===== Dataset section =====

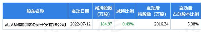 7 月 12 日祥龙电业发布公告《600769:武汉祥龙电业股份有限公司股东减持股份结果公告》,其股东武汉华原能源物资开发有限公司于 2022 年 7 月 1 日至 2022 年 7 月 12 日间合计减持 184.97 万股,占公司目前总股本的 0.4933%,变动期间该股股价上涨 0.0%,截止 7 月 12 日收盘报 8.55 元。
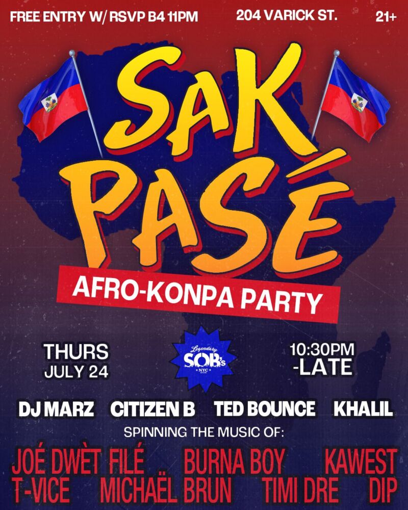 Introducing SAK PASE AT SOB’s! A brand-new Afro-Kompa party in Soho NYC with live DJs spinning the music of Joé Dwèt Filé, Burna Boy, T-Vice, Timi Dre, Michaël Brun, Wally Seck, Paska, Naza, Kawest, DIP, and more afrobeats, kompa, rara, raboday, amapiano, zouk, and hip hop. Back by popular demand after the first two SOLD OUT parties.
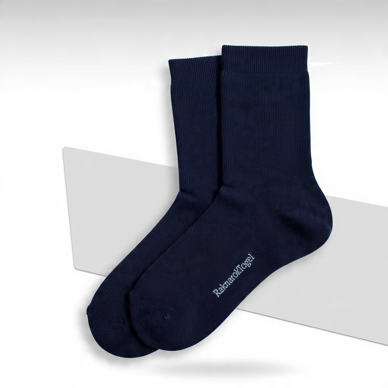 Kaos kaki ini merupakan produk dari RaknarokTogel yang dirancang sebagai kaos kaki harian dengan model crew socks yang menutupi area pergelangan hingga bagian bawah betis. Produk hadir dengan warna navy yang terlihat simpel namun tetap stylish. Material yang digunakan adalah cotton blend premium yang memiliki tekstur lembut, ringan, serta mampu memberikan sirkulasi udara yang baik. Kaos kaki ini tersedia dalam ukuran free size yang dapat menyesuaikan ukuran kaki dewasa.

=====

=== Work item ===
Give again, exactly, each line from the one that contains "Introducing SAK PASE" through the last line of the material above. Pictures do not belong in the copy.

=== Output of the task ===
 Introducing SAK PASE AT SOB’s! A brand-new Afro-Kompa party in Soho NYC with live DJs spinning the music of Joé Dwèt Filé, Burna Boy, T-Vice, Timi Dre, Michaël Brun, Wally Seck, Paska, Naza, Kawest, DIP, and more afrobeats, kompa, rara, raboday, amapiano, zouk, and hip hop. Back by popular demand after the first two SOLD OUT parties.
 Kaos kaki ini merupakan produk dari RaknarokTogel yang dirancang sebagai kaos kaki harian dengan model crew socks yang menutupi area pergelangan hingga bagian bawah betis. Produk hadir dengan warna navy yang terlihat simpel namun tetap stylish. Material yang digunakan adalah cotton blend premium yang memiliki tekstur lembut, ringan, serta mampu memberikan sirkulasi udara yang baik. Kaos kaki ini tersedia dalam ukuran free size yang dapat menyesuaikan ukuran kaki dewasa.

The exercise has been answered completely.